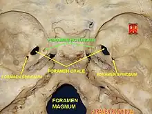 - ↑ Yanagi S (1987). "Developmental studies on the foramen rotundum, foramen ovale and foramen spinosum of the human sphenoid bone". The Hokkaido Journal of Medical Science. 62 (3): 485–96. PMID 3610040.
■ ■ ■ ■
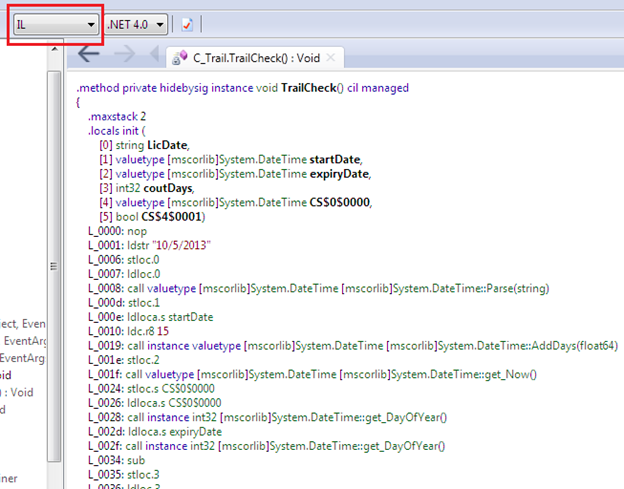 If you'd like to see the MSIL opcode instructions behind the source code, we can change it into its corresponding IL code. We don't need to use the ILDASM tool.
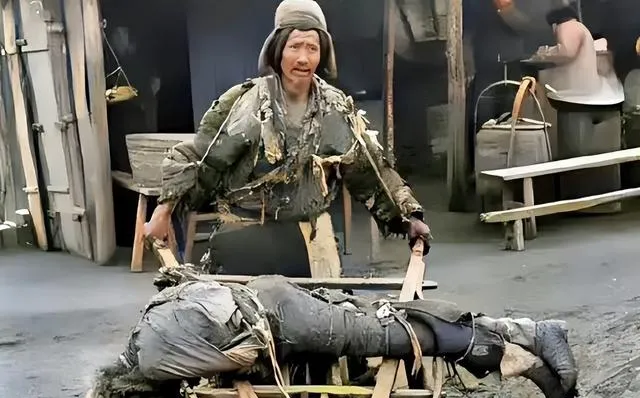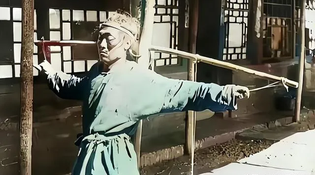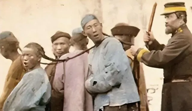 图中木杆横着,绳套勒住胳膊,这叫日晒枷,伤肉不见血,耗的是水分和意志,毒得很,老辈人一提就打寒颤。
■ ■ ■ ■
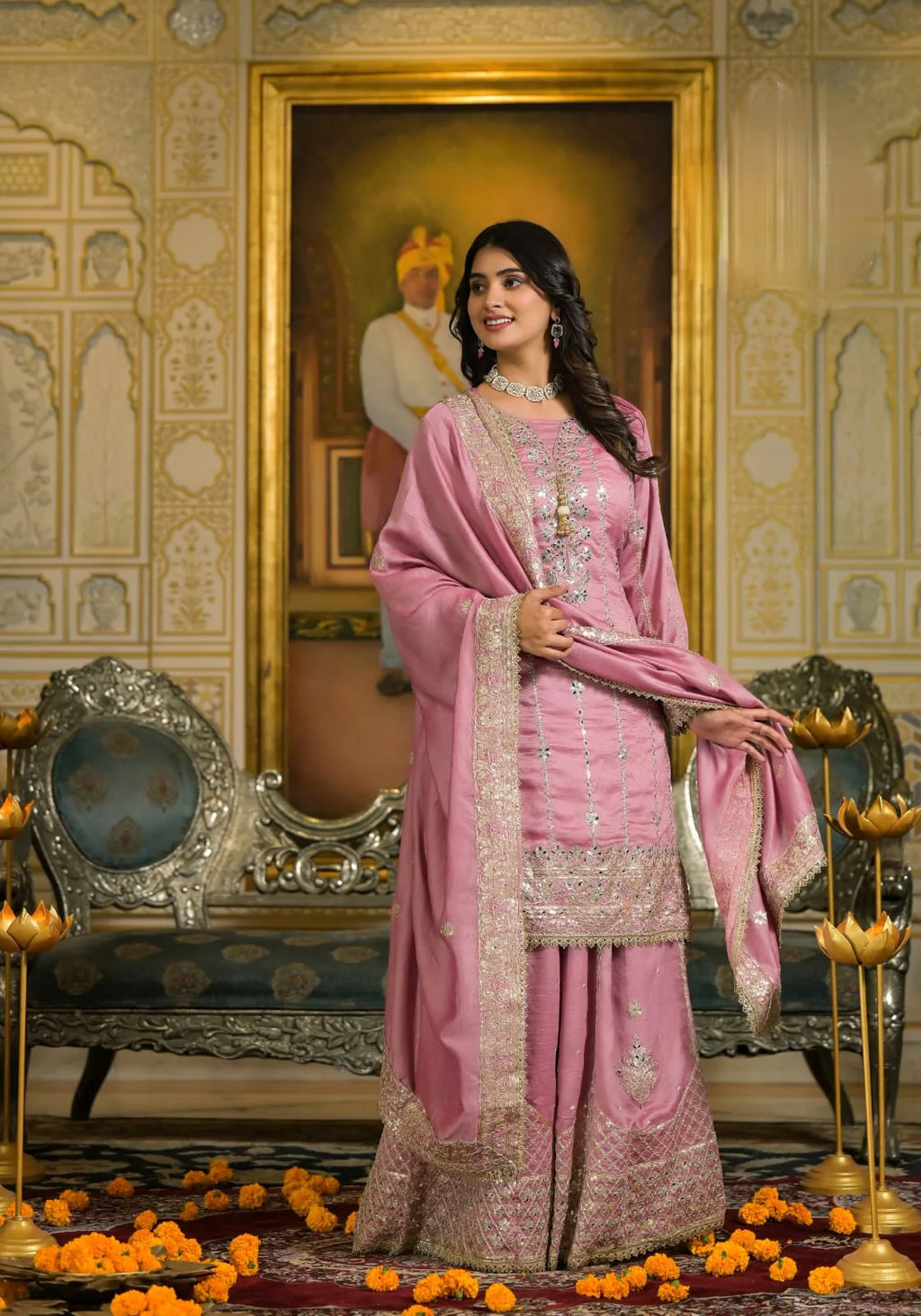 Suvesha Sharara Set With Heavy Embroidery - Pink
■ ■ ■ ■
** Exercise prompt **
Give again the stretch of lines above from the one with "If you'd like" through the one with "图中木杆横着,绳套勒住胳膊,这叫日晒枷,伤肉不见血,耗的", both ends kept, and copy no pictures.

** Task result **
 If you'd like to see the MSIL opcode instructions behind the source code, we can change it into its corresponding IL code. We don't need to use the ILDASM tool.
 图中木杆横着,绳套勒住胳膊,这叫日晒枷,伤肉不见血,耗的是水分和意志,毒得很,老辈人一提就打寒颤。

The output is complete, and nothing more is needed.